Umberto Tozzi, esce l’album “Ma che spettacolo”

«È un disco ispirato. Non succedeva da anni: lo ascolto e mi emoziono» racconta il cantante torinese

29 Ottobre 2015 | 14:00

Umberto Tozzi, esce l’album “Ma che spettacolo”

«È un disco ispirato. Non succedeva da anni: lo ascolto e mi emoziono» racconta il cantante torinese

 di Giulia Ciavarelli

Foto: Milano- Umberto Tozzi presenta il suo nuovo album  - Credit: © Corbis

29 Ottobre 2015 | 14:00 di Giulia Ciavarelli

«Sono da quasi vent’anni in tour: senza alcuna presunzione, posso dire che il mio repertorio è leggendario perché molte canzoni sono vere e proprie pagine di musica. Il mio grande esempio è stato Lucio Battisti, con il quale ho avuto il piacere di lavorare». È diretto, schietto e con una gran voglia di far conoscere un “disco ispirato che ancora mi emoziona”, come lui stesso lo definisce. Arrivato da un concerto in Australia, Umberto Tozzi è un vulcano di racconti: dall’idea di diventare un calciatore ai ricordi sanremesi, passando per i numerosi viaggi, l’amore per la Francia fino ai più attuali talent.

Dopo tre anni di silenzio discografico, il cantante torinese torna con l’album Ma che spettacolo: tredici tracce inedite e una bonus track che usciranno il 30 ottobre (Momy Records - distribuito Sony Music).
«Il disco l'ho scritto tra febbraio e marzo durante un bel momento di ispirazione che aspettavo da molto tempo. Mi sono chiuso nel mio studio e sono nate le canzoni in maniera del tutto naturale, anche come tempistica. C’è allegato il mio primo dvd: l’ho registrato nel dicembre 2012 durante il concerto al Gran Teatro Geox di Padova. L’acustica è una delle migliori e posso dire che nel live c’è una parte importante del mio curriculum musicale».

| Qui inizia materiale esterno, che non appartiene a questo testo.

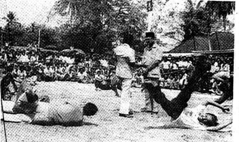
■ Tun Hussein diberi penghormatan menguji seni mempertahankan diri Nasrul Hq di Rumah Nasrul Haq di Kuala Lumpur dalam tahun 1978.

MHANDARDKAN rakaman foto seakhir-akhir ini, nampaknya Tun Hussein Onn begitu berat meninggalkan kabinet yang dipimpinya sejak berapa tahun lalu.
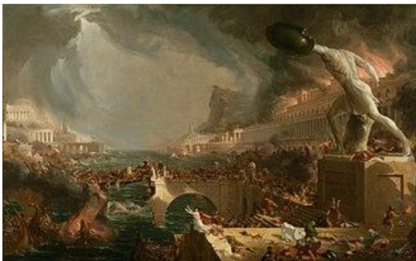
Figura 6 – “Destruição”, de Thomas Cole
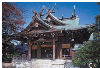
有磯正八幡宫 / ○“小径”「有磯神社前」下车1分钟 ●能越自动车道高冈出口开车10分钟

建设高冈城(庆长年间)之际,有磯宫和横田正八幡宫合祀而成的神社。于明智16年(1883)建造本殿。据说围绕院内的石墙是前田家所奉献的。墙上留有一些与高冈城一样的刻印。
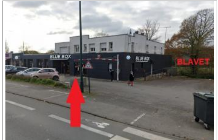
Parking devant le magasin au 61 rue Albert de Mun

Coordonnées WGS84 : X: -2.95961635 / Y: 48.05248590
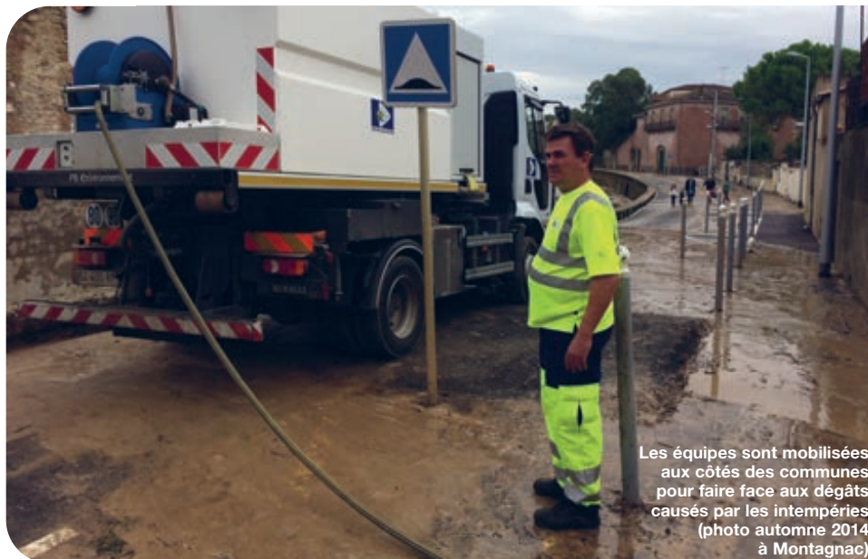
Les équipes sont mobilisées aux côtés des communes pour faire face aux dégâts causés par les intempéries (photo automne 2014 à Montagnac)

Sous l'impulsion de la préfecture de l'Hérault, l'Agglo a mis en place un chantier d'insertion pour entretenir les cours d'eau et réparer les dégâts liés aux intempéries de la fin de l'année 2014. Ce chantier a démarré en mai pour s'achever en octobre dernier. Douze bénéficiaires sont intervenus à Florensac, Agde, Bessan et Montagnac. Sur cette dernière commune, les agents
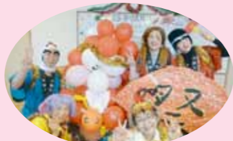
職員も仮装しました
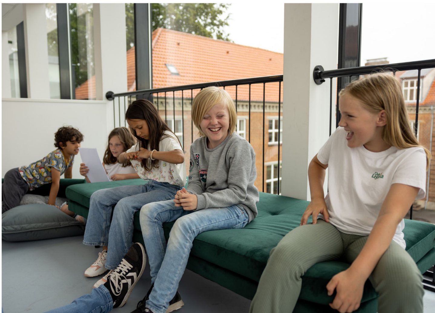
Brainstorm om tekstskrivning på Herning Musikskole, Bandfabrikkens Sommercamp, juni 2022.
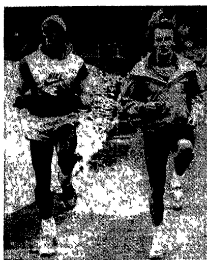
Il boss e la... rock-star. C'è chi si allena correndo e ascoltando musica dal «walkman». Frank Bruno lo sfidante inglese alla corona dei massimi di Mike Tyson la musica invece se la porta a fianco nei parchi londinesi. Quella di Sting ovviamente col quale si sta allenando.

Anche tra le donne tutto secondo copione. Martina Navratilova, Gabriela Sabatini, Pam Shriver e Chris Evert non hanno avuto grossi problemi a superare il primo ostacolo di questo U.S. Open.
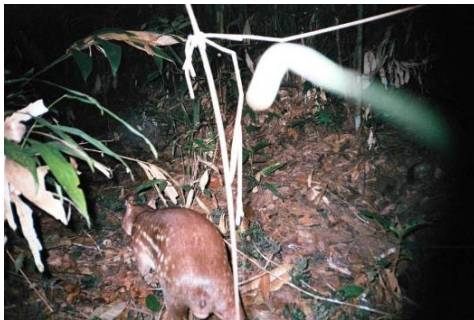
Figura 0-26 - Cuniculus paca , paca, fotografada em Abunã, transecto 11, parcela 1
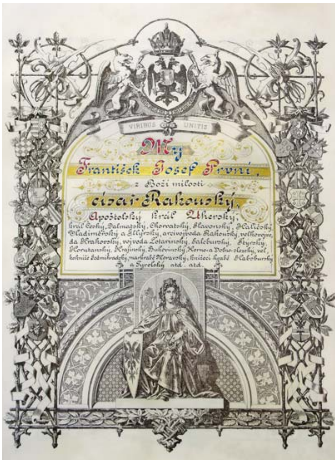
Dekret – František Josef I. povyšuje Újezd na městys. 15. září 1909 Vídeň
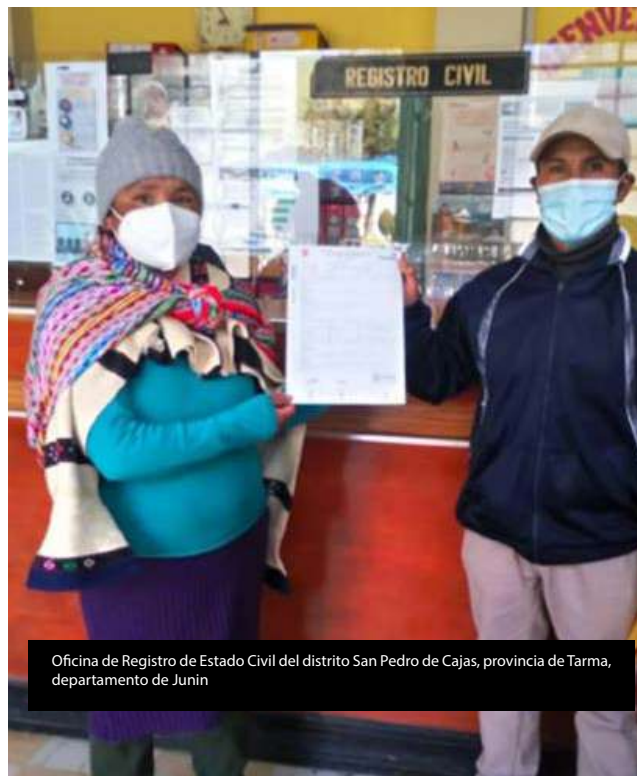
Oficina de Registro de Estado Civil del distrito San Pedro de Cajas, provincia de Tarma, departamento de Junín
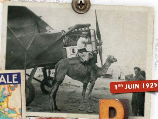
1 ER JUIN 1925
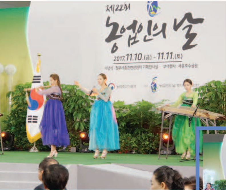
▲ 퓨전국악(플라워) 기념식전 공연
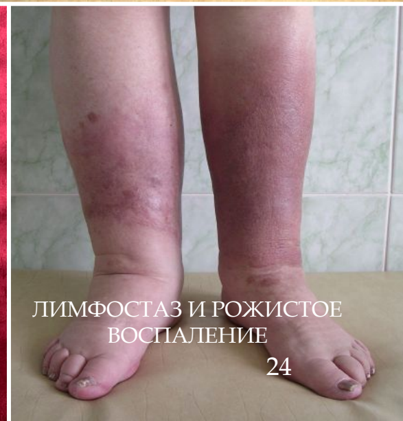
ЛИМФОСТАЗ И РОЖИСТОЕ ВОСПАЛЕНИЕ
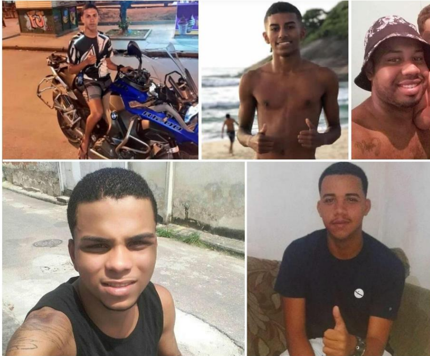
Cinco jovens negros morreram nas ações da PM

Em meio a pandemia da Covid-19, moradores da favela Vila Kennedy, em Bangu, zona oeste da cidade do Rio de Janeiro, sofrem também com as operações do 14º Batalhão da Polícia Militar (Bangu). De acordo com eles, os tiroteios são recorrentes e cinco pessoas morreram no último domingo (26/4). Segundo a polícia, o objetivo era acabar com o evento que acontecia no local.
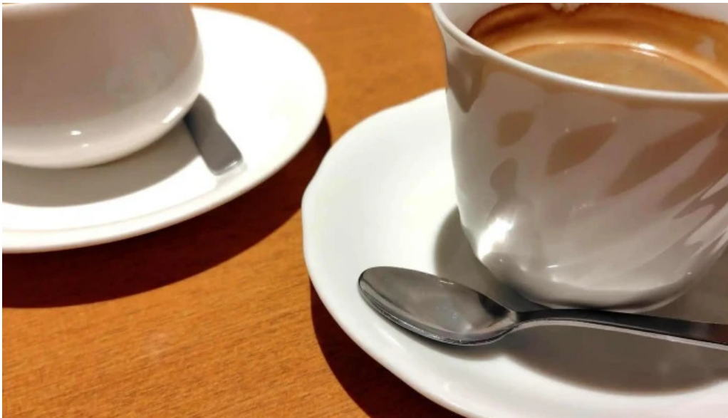
スパゲッティ壁の穴 浦和店 動画
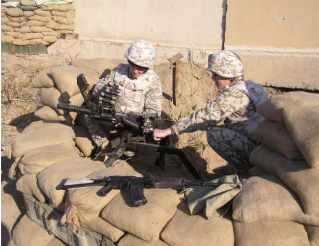
Вогнева позиція АГС - 17 на спостережному посту(Ірак)

штабах БТГр створюються групи вогневого ураження у складі 2-3 офіцерів, спроможних здійснювати планування застосування артилерії, авіації та ППО.
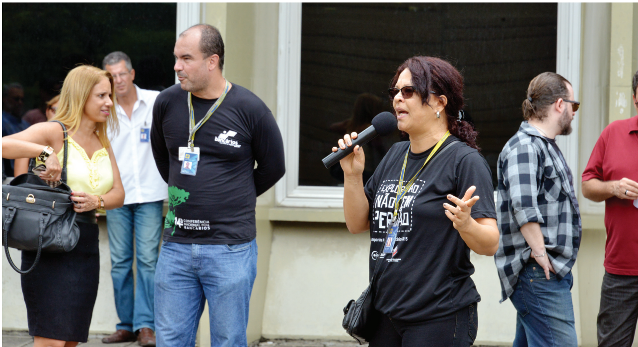
O Sindicato estuda medidas políticas e jurídicas para garantir os direitos dos funcionários atingidos pelo desmonte
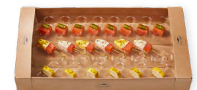
88189 | meerrauch® Best of Lachs-Gurken-Cannelloni „Arctic Rose“-Lollis Safran und Zitrone, Kabeljau-Senf-Taler
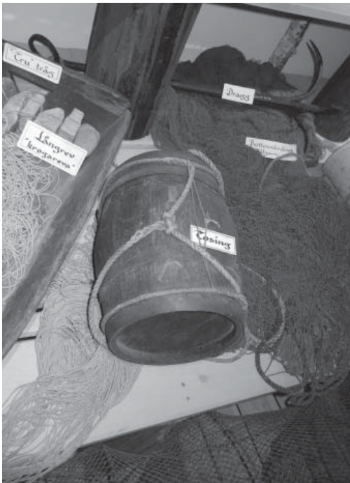
“Tosingen” höll garnen på plats.

På båten fäste man garnens slutända, ”hällemånsen.” Man kunde använda flöten i drivgarnens övre del så att de höll sig uppräta. OM fartyg eller andra båtar närmade sig och man var rädd att de skulle hamna i garnen ”bläste” man. Det innebar att man dränkte in en trasselsudd med fo-
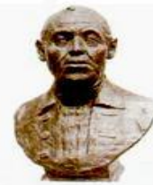
В.И. Беринг (1681–1741). Пластическая реконструкция В.Н. Звягина
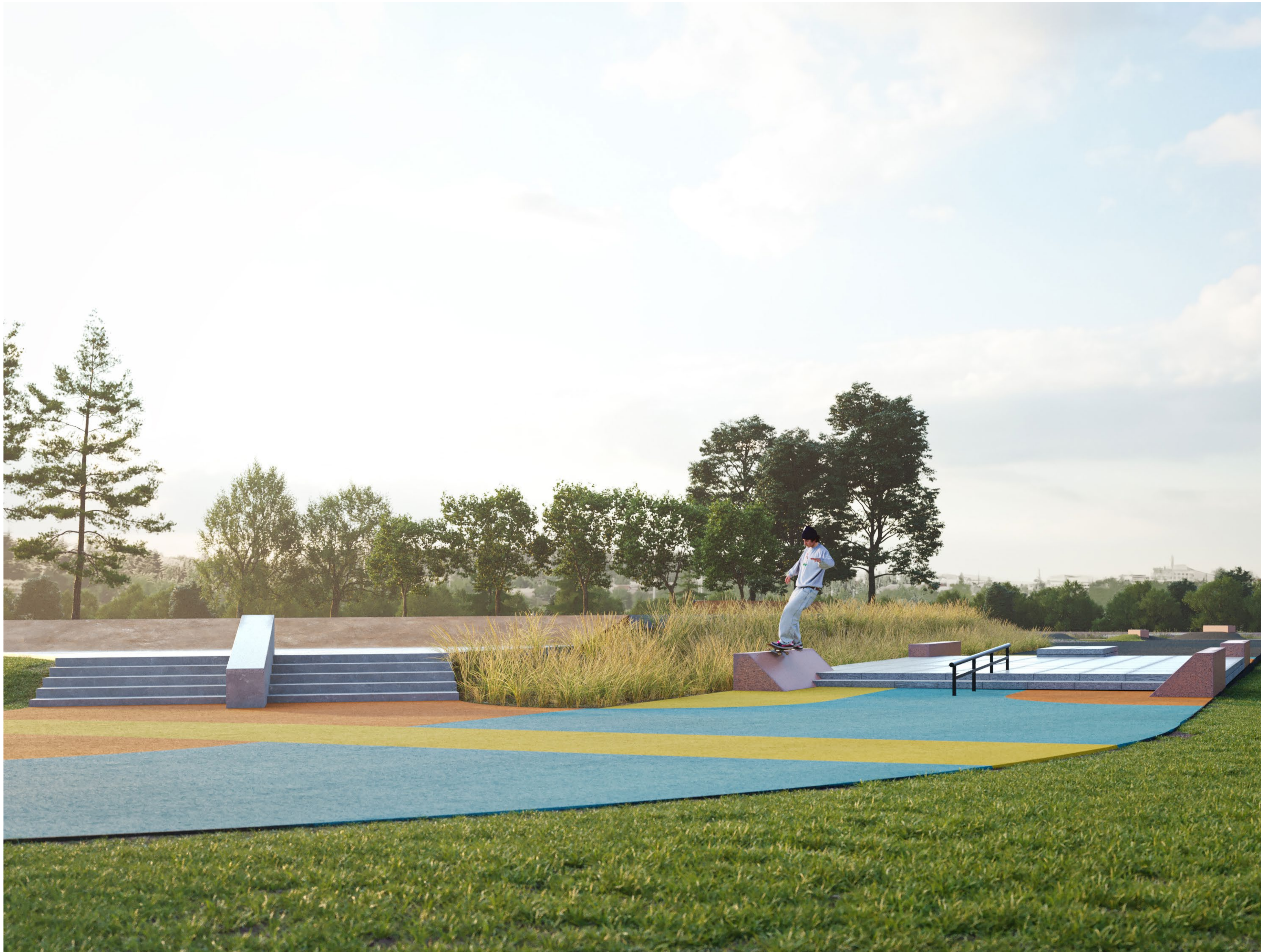
NÄKYMÄ SKATEPATHIN LUOTEISKULMASTA KOHTI ETELÄÄ Skatepathin betoniset rakenteet päällystetään nykyiseltä skeittiparkilta kierrätettävillä graniittilaatoilla. Asfaltoitu flättialue pinnoitetaan plexipave-maalilla.

Ed è vero, la carriera professionale di Tozzi è ricca di hit riconoscibili e tuttora molto amate, da «Ti amo» a «Gloria», da «Stella stai» a «Gli altri siamo noi», ma ci sono stati momenti ancora difficili da descrivere come quello dell'Ariston nel 2005, il primo Festival di Paolo Bonolis: «Scelsi di andare a Sanremo perché mi convinse Gianmarco Mazzi. Scrissi una canzone, "Le parole", che mi piaceva molto ma ero indeciso. Fortunatamente abito non troppo distante dall’Ariston poiché fui il primo a lasciare la competizione. Mi sarei aspettato un finale diverso». Se il suo sogno era sempre stato quello di intraprendere una carriera calcistica, la musica arrivò sotto una forma di ribellione adolescenziale ma senza l'aspirazione a voler diventare un cantante: «Più tardi, ho capito di avere una personalità vocale e di aver trasformato le canzoni in vere hit poiché ai concerti anche gli stranieri cantano con me». 

E proprio questo allontanamento dall’Italia è stato l'argomento spiegato e discusso durante la presentazione alla stampa: «Se fossi nato a Liverpool, probabilmente sarei stato il quinto Beatles. Sono felice di aver ottenuto la considerazione in tutto il mondo, anche se non in Italia. Il paese che mi ha accolto di più è sicuramente la Francia: "Ti amo" veniva inserita nelle discoteche della Costa Azzurra e riuscì a rimanere per molti mesi ai vertici delle classifiche».

Torniamo al presente, perché la nuova proposta di tredici tracce offerta da Umberto Tozzi è variegata, interessante, attenta alle tematiche amorose ma anche a quelle strettamente attuali. «"Ma che spettacolo" è quello che vediamo in televisione e leggiamo sui giornali. Sono scosso da tutto quello che avviene nel mondo, soprattutto ai bambini. Rispetto a “Si può dare di più”, qui non c’è speranza». L'album contiene una fotografia sincera di un amore incancellabile in Sei tu l’immenso amore mio, la descrizione dell’innamoramento in Che Amore Sia e una considerazione molto positiva in Donne al Potere. Nella sua hit parade personale, anche Hammamet che nasce dalla frequentazione con Bobo Craxi e Quell’inutile addio nel quale si consuma una dichiarazione di scuse nei confronti della donna amata.

Ultima riflessione è riservata ai talent: «Prima noi ci sentivamo protetti, ora i ragazzi se sbagliano, falliscono dopo un solo album. Giovani talenti che non vengono aiutati perché le etichette discografiche sono oramai assenti. Giudice di un talent? Perchè no, non lo escludo. Parlo tre lingue e sarebbe sicuramente un'esperienza totalmente nuova».